I'm sure that everyone has heard this before but it is simply not possible to protect a workplace against inside penetration, unless you just don't trust anyone with anything. Certainly some workplaces are like this - like banks - where you have a lot of low-paid people working next to a ton of cash. However, if they are going to be so horrible as to ftp out a shadow password file, well then putting a network firewall into place is hopeless. They are just going to copy it off to a floppy or some other thing. I pity the folks that have to work in an environment like that. (academics aside - students will usually try to take an arm if you give them a finger, it's just the nature of the beast)
If you are already using DHCP and are still seriously constrained for IP
addresses, then I could see a need to go the NAT route. And I certainly
wouldn't go NAT unless I've already converted to DHCP --- anyone who's
tried changing their internal IP addresses for NAT over a weekend on 24/7
production systems know what I'm talking about.

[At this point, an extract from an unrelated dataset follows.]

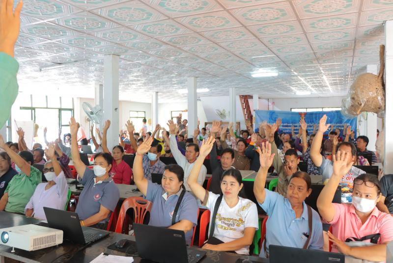 เข้าร่วมประชาคม เรื่องการขุดลอกหนองทามปลาปึ่ง รวมถึงโครงการก่อสร้างสนามกีฬาอเนกประสงค์ และโครงการเปลี่ยนท่อประปาหมู่บ้าน

Not true - commercial NATS will convert from a legal range to a legal range and do all the DNS trickery to allow you to stomp other people's address ranges with impunity.

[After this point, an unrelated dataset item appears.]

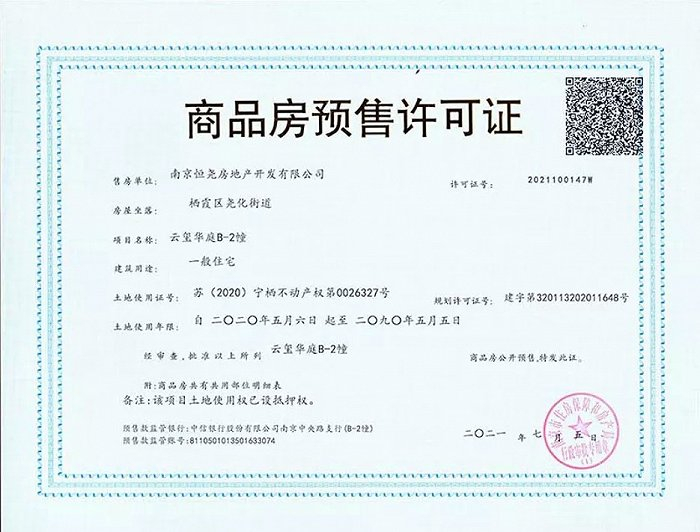 恒大云玺华庭已于7月5日新领B2号楼销许,7月6日开启报名,共计108套房源(其中33套优先供应人才,33套优先提供给无住房保障家庭),销许价格30500元/㎡,精装修交付,拟交付时间为2024年5月31日。

At any rate, it seems to me you are mixing reasoning for running RFC-unassigned-vs-legal numbers with reasoning for running proxy-vs-NAT.
As far as address constrained goes - well that's the future. Connect to any ISP today and your lucky to get a subnet of a Class C, let alone the entire range. And, the thought of getting a full B or A range is even more unbelievable. Using all legal addresses inside is now only the luxury of the people who already have large blocks of legals from years ago.

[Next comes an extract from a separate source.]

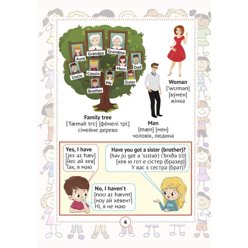 Англо-украинский визуальный словарь содержит около 2000 слов и словосочетаний по 68 лексическим темам. Для лучшего усвоения речевого материала предлагаемые слова и сочетания слов проиллюстрированы рисунками. лексический материал подобран в соответствии с действующими программами иностранных языков новой украинской школы. Правила чтения, таблица неправильных глаголов и транскрипция (запись произношения английских слов украинскими буквами) значительно облегчат изучение английского языка.
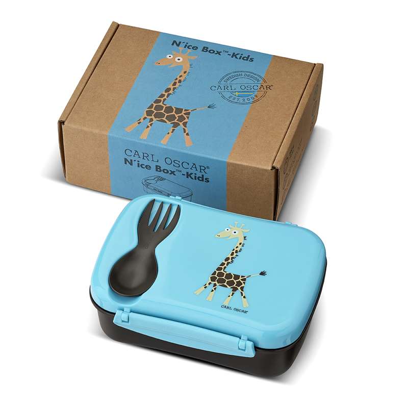 N'ice Box Kids con elemento refrigerante da Carl Oscar. Bellissimo colore turchese con una dolce giraffa sul coperchio.

NAT's for the most part appear to have their greatest advantages in helping
organizations bridge the gap between IPv4 and IPv6. Again, there are
always requirements which can drive you to make a major change in your
network like NAT.
Besides this, which is a very important one, another benefit is being able to change ISP's without weeks of downtime. With the competition in ISP's heating up it pays to continuously review Internet connectivity the same as you do long distance. Internet service is becoming a commodity item.
Proxies may be labor intensive, but they also allow you to see what's
happening in the data streams - a trend I see with most intruders is to
exploit a legitimate session with files, programs, etc. which exploit other
weaknesses. I prefer to see the whole picture, and not just the IP headers.
It's a tradeoff that is appropriate for some networks, not good for others. My beef is mainly with people that advocate one solution as the only right one. I don't care for proxies myself because for the networks I've admined they represent a lot of work with no payoff. (I don't think I'd be happy bringing connectivity to networks where a proxy would be required) I don't care much for the FWTK documentation because it appears to ignore NAT and advocate proxies as the only "right" solution.